*WHAT THE TASK ASKS:*
Work through the listing below and give again exactly the lines from the one with "Waterproof Leather Backpack" to the one with "Шифр ИЖ 212", both ends included. All other lines and all pictures stay out.

BEGIN RECORDS PROVIDED

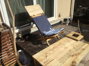 このデッキでベランダキャンプ。タープ泊をする日も
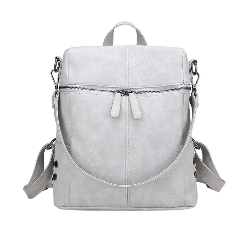 Waterproof Leather Backpack Women Purses Zipper Female Casual
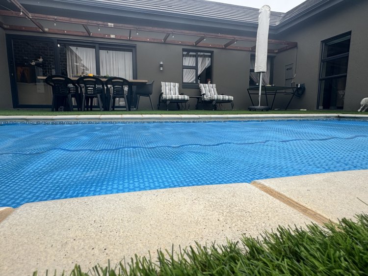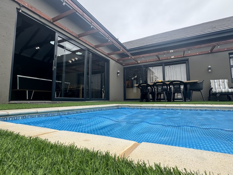 Relaxation begins the moment you step outside: A heated swimming pool powered by solar, wrapped in a beautiful entertainment deck that feels like your own private retreat.
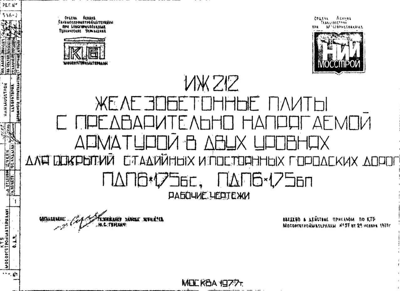 Шифр ИЖ 212 Железобетонные плиты с предварительно напрягаемой арматурой в двух уровнях для покрытий стадийных и постоянных городских дорог ПДП6х1,75 бс; ПДП6х1,75 бп (1977 г.)
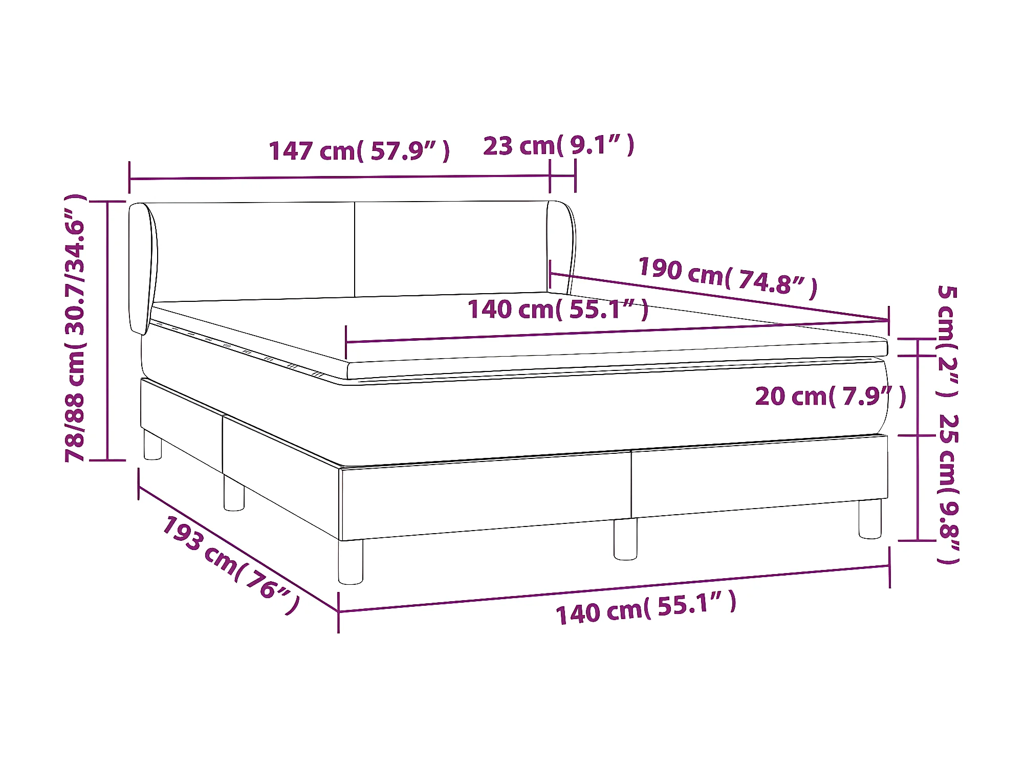 Sommier à lattes de lit avec matelas Blanc 140x190 Similicuir
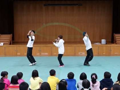さて,最初に実演を踏まえて,7種類の技を教えてくださいました。回す人をターナー,飛ぶ人をジャンパーというのです。一つ賢くなりましたね。

END RECORDS PROVIDED

*SOLVED EXERCISE:*
 Waterproof Leather Backpack Women Purses Zipper Female Casual
 Relaxation begins the moment you step outside: A heated swimming pool powered by solar, wrapped in a beautiful entertainment deck that feels like your own private retreat.
 Шифр ИЖ 212 Железобетонные плиты с предварительно напрягаемой арматурой в двух уровнях для покрытий стадийных и постоянных городских дорог ПДП6х1,75 бс; ПДП6х1,75 бп (1977 г.)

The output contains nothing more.